The poor sap isn’t getting out alive on his own so I’ll have to come back for him later. In vanilla, you could easily think exactly that. However, no sooner have I got past the pillar than he commits suicide. I see why he did that but it won’t help him: the Flood can infect and reanimate dead bodies as well as living ones. We see the full extent of that in Halo 3. He doesn’t do that in the original however.

The horrified marine became a running gag by Halo 3: at least one marine voiced by the same guy has appeared from then on in a sorry state of some kind. In Halo 3 during the level Floodgate, he’s distraught at having to kill his friends when they get infected by the Flood, trying to console himself by saying he helped them. He then considers “helping” himself and does exactly that if you go away and come back.

In Halo 3: ODST during Uplist Reserve, a similar marine is shell shocked and being tended to by a medic in the wildlife park, comparing the Covenant to big cats and humans their prey.

In Halo Reach, New Alexandria has a skyscraper modelled after Ivory Tower in Halo 2. Another terrified and panicking marine is there on the upper level near a strange grain lift of sorts (which doesn’t work in campaign). He is similar to this one, but is instead considering deserting the UNSC as he signed on to fight the insurrection, not aliens.

Past the marine is a dead spec-ops elite by an intact glass tank and a terminal.

Oh come on! This is a duplicate of the first one! https://youtu.be/ZjAYgEWDO5Y?list=PLjpAzVTa-X3RVDMZg_6AfQItxDD_3ygqM&t=778

The first Forerunner one from before was meant to go here instead. Who is responsible for all this mess? The terminals and fuel rod cannons on the AA Wraiths better be the very first things that get fixed in the next build of SPV3: both the messed up messages and the ones that disappear if a single one in their map chunk is read. This is atrocious.

Here’s the real one: it ended up being the first Forerunner one in SPV3.2.

This guy is supposed to be here in the vanilla game but he only appears in the next cutscene for some weird reason. The marines didn’t kill him as he and a similar elite seem to have been hosed with plasma fire. Friendly fire perhaps? Marines with Covenant weapons? Possible but neither of those fit.

Past the elite bodies is a broken balcony with a large fire behind the rubble. Unfortunately, while it does improve Halo 1′s fire effects, the basic standing fires in SPV3 except for Brute Plasma Pistol charged shots are too small and underwhelming compared to vanilla and Anniversary. Following the balcony past the intact half of the glass tank, I follow the upper portion of the square hallway back to the other room and turn on the light bridge to the other side. For some odd reason, the game refers to those smaller ones as “energy bridges” which is inconsistent.

The door on the other side has been blown open and ominous symbols that look like red, alien bullseye targets flank the door. Those are a warning. Flashing alarms are set at the top of a double ramp, one side with a dead marine, a first aid kit and the next terminal.

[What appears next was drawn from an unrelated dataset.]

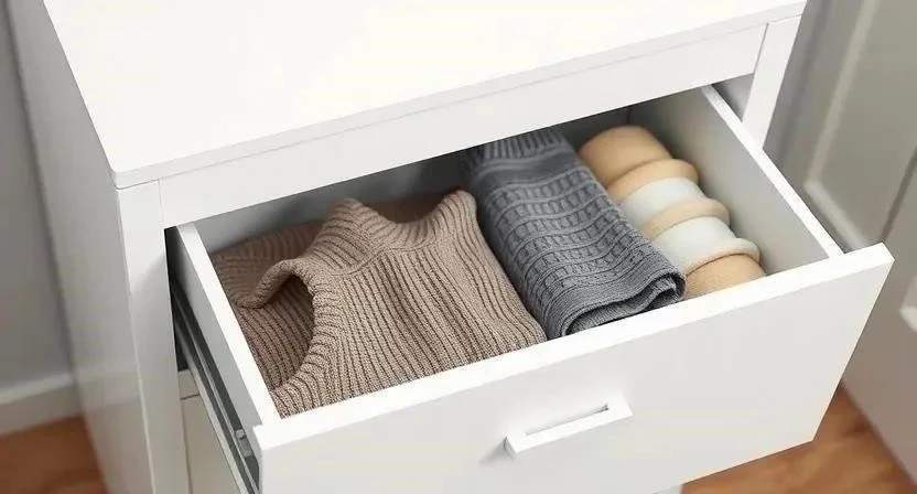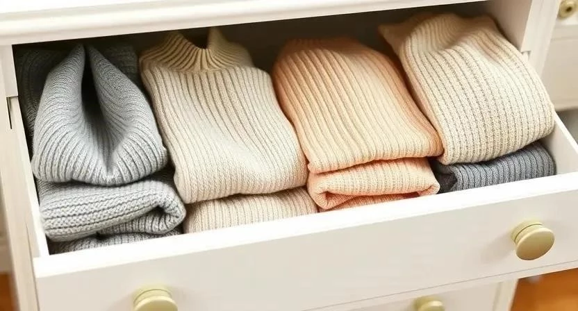 Ответ: Складывайте свитера вертикально, чтобы экономить место и видеть все вещи сразу.

Actually, Mendoza’s first name is Manuel. He’s the Spanish or Mexican sounding marine with some good dialog. The next Forerunner terminal is by the window overlooking the room below.

That’s new! This isn’t good, more on that in a minute.

Oh gimme a break! https://youtu.be/0MDwKzH4ez8?t=1167

This is the real terminal: https://youtu.be/AqiHE0aa4Lg?t=89

A Flood hive is exactly what the fleshy mess down below is. It sort of resembles the beginnings of a Flood hive in Halo 2, but this is a complete one. The biggest two we see in Halo 3 and they are absolutely terrifying, completely changing the insides of twisted metal salads that used to be a Covenant ship and High Charity respectively, plastering them with rotten flesh, brown gunk and hundreds of what look like pumpkins with 4 giant sperm cells around where the stalk should be. Those latter things are Flood growth pods that spawn infection forms and release them if shot.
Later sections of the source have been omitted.